Study finds Pokémon characters can reside in certain parts of the brain

Playing the game as children hones these special regions

Study finds Pokémon characters can reside in certain parts of the brain 1
Photo by Vincent M.A. Janssen from Pexels

Some people grew up playing Pokémon games as children, while others didn’t. Those who did evidently developed a certain area of their brain to hold relevant info that allowed them to better play the hit game series.

This is according to new research that was recently conducted and appeared in the journal Nature Human Behavior. It centered around how the act of playing Pokémon during childhood affected how the brain organized itself.
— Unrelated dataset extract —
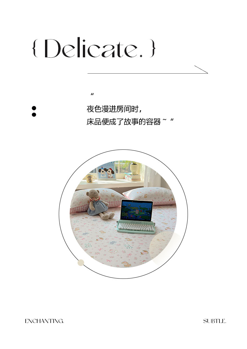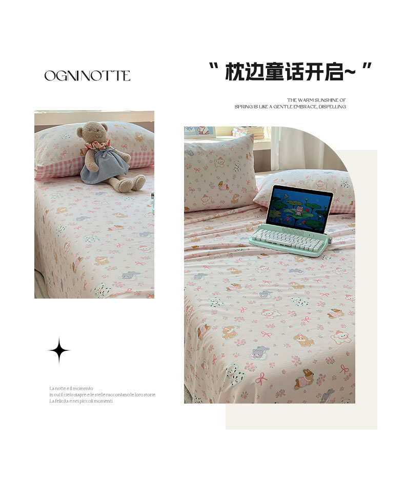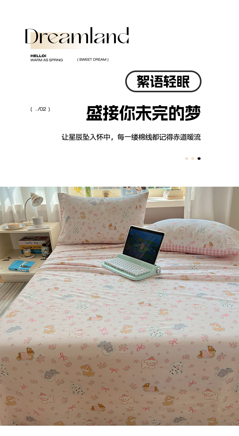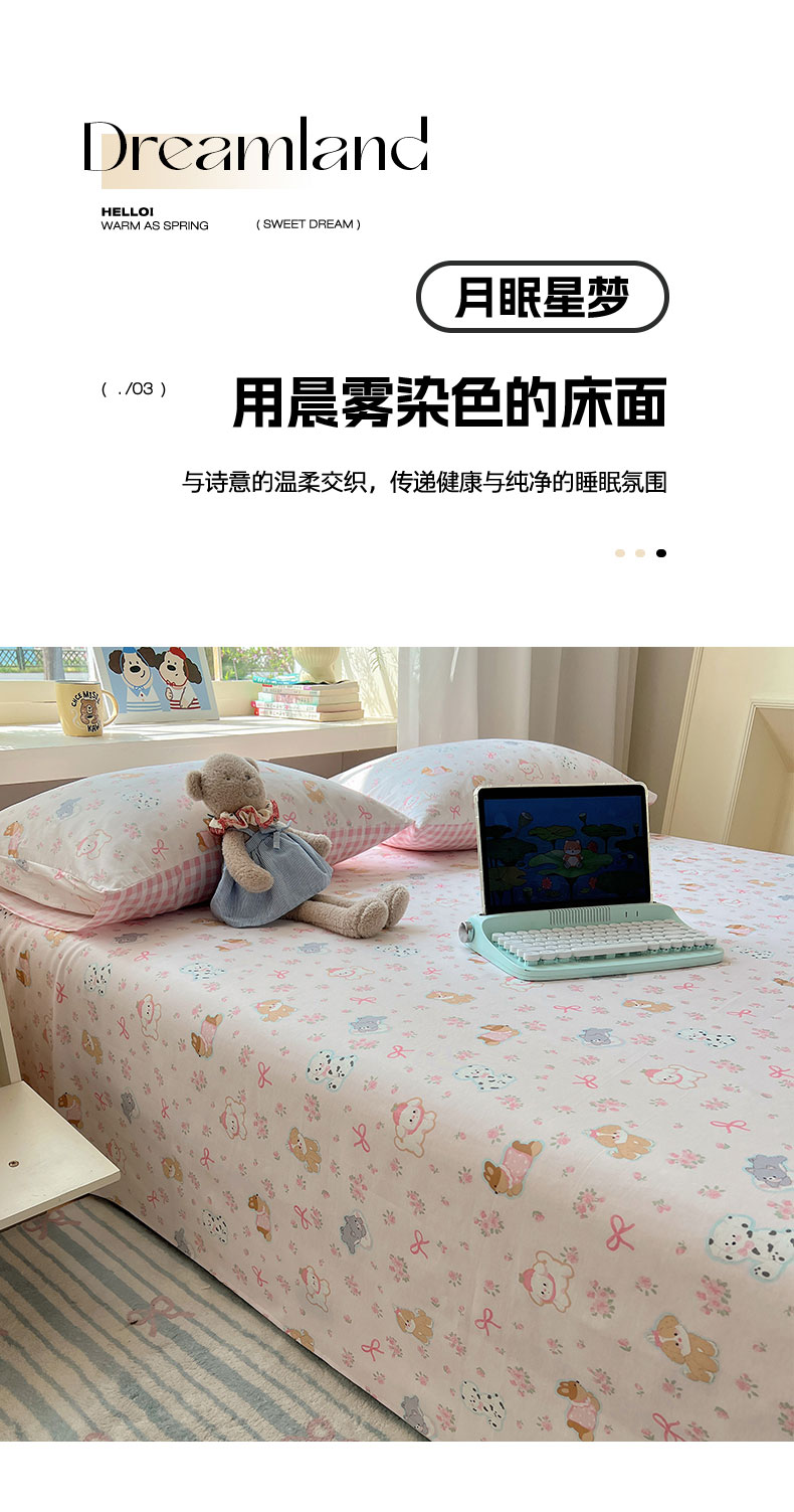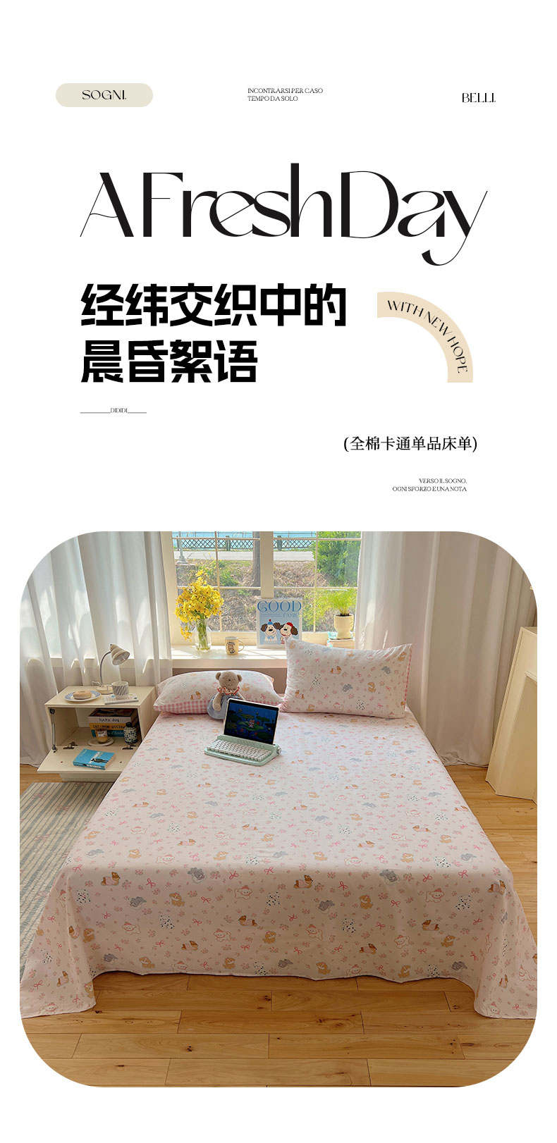 六巷胡同 2026新款40支全棉13070卡通单品床单 浪漫碎花犬

It appears that the study started out based on a simple and straightforward idea. That is, those who played the Pokémon games when they were kids ended up developing a cluster of brain cells dedicated to distinguishing between one Pokémon species and another.

To conduct the study, Jesse Gomez, a postdoc at the University of California, Berkeley and co-author, recruited a total of 11 Pokémon experts. Gomez and the rest of the team ran some tests and analyzed the resulting data, and they found that the Pokémon-focused area in the brain appeared in the same location for everyone, and that apparently supports a theory referred to as “eccentricity bias.”

Basically, the game experts all showed the same type of brain development due in part to how the game was played. More specifically, how they were able to view and later perceive each individual character from the game.

The overall result is that playing Pokémon was a positive influence on most of the ones that did. If not just to make them better at video games in general, but by allowing them to grow with so-called specialized brain regions that helps them recognize new objects in their environment.